**YOUR INSTRUCTIONS:**
Below this line are records; transcribe exactly the lines between the one holding "Hello Kittyとのコ" and the one holding "- Бестселлер #1", inclusive, and omit the pictures.

-- MATERIAL TO PROCESS follows --

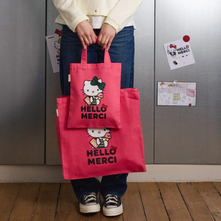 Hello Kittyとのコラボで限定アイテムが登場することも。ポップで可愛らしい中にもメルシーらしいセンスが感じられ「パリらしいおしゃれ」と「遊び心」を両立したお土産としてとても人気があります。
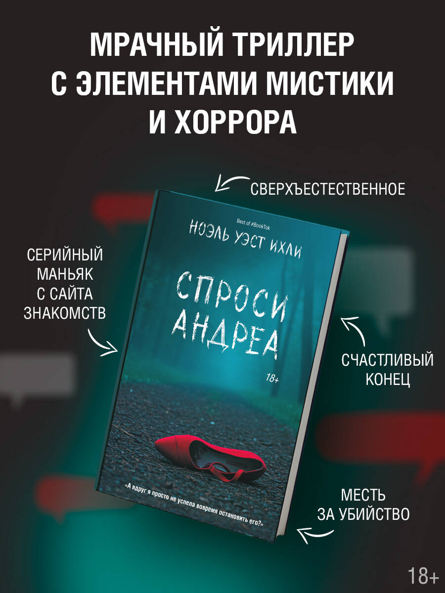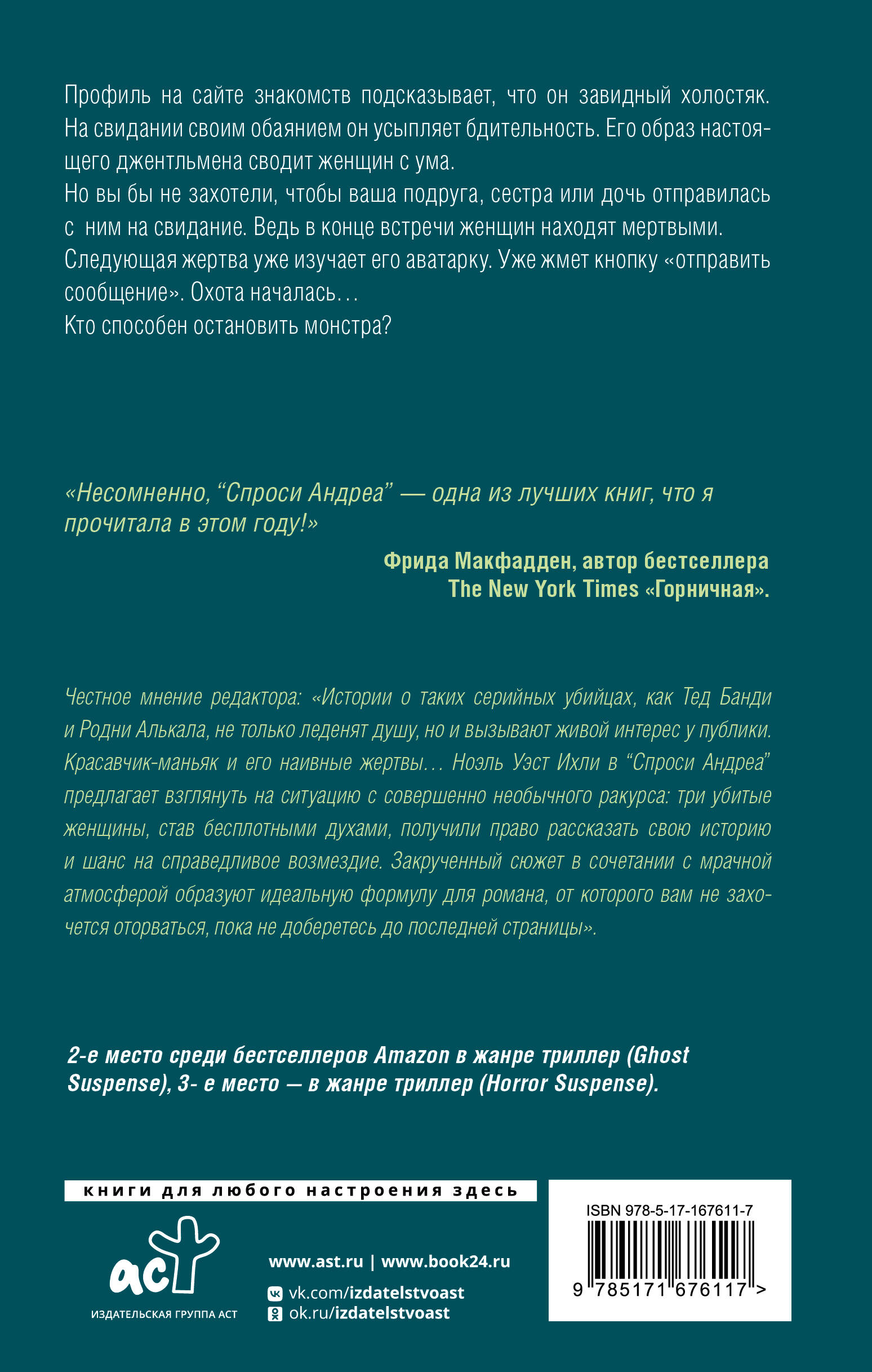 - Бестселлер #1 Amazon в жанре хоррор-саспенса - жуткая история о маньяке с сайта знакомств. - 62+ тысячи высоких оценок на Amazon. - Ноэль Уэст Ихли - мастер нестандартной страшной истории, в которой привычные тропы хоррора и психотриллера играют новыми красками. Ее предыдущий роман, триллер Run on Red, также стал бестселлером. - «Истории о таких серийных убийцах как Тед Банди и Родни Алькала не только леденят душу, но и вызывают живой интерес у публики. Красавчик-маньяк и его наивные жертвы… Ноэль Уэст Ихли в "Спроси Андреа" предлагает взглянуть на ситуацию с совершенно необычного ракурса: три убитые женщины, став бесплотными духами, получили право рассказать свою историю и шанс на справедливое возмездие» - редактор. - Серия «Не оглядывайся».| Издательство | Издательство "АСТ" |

-- MATERIAL TO PROCESS concluded --
-- MATERIAL TO PROCESS follows --

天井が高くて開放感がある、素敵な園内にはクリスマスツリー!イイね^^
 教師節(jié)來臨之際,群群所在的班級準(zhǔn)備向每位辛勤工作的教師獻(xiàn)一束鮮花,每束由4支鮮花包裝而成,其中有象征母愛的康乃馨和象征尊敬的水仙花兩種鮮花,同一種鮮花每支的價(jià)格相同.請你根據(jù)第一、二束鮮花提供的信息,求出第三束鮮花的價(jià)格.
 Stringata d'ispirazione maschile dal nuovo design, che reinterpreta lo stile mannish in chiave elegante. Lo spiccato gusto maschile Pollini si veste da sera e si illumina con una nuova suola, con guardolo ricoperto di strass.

-- MATERIAL TO PROCESS concluded --

**SOLUTION:**
 Hello Kittyとのコラボで限定アイテムが登場することも。ポップで可愛らしい中にもメルシーらしいセンスが感じられ「パリらしいおしゃれ」と「遊び心」を両立したお土産としてとても人気があります。
 - Бестселлер #1 Amazon в жанре хоррор-саспенса - жуткая история о маньяке с сайта знакомств. - 62+ тысячи высоких оценок на Amazon. - Ноэль Уэст Ихли - мастер нестандартной страшной истории, в которой привычные тропы хоррора и психотриллера играют новыми красками. Ее предыдущий роман, триллер Run on Red, также стал бестселлером. - «Истории о таких серийных убийцах как Тед Банди и Родни Алькала не только леденят душу, но и вызывают живой интерес у публики. Красавчик-маньяк и его наивные жертвы… Ноэль Уэст Ихли в "Спроси Андреа" предлагает взглянуть на ситуацию с совершенно необычного ракурса: три убитые женщины, став бесплотными духами, получили право рассказать свою историю и шанс на справедливое возмездие» - редактор. - Серия «Не оглядывайся».| Издательство | Издательство "АСТ" |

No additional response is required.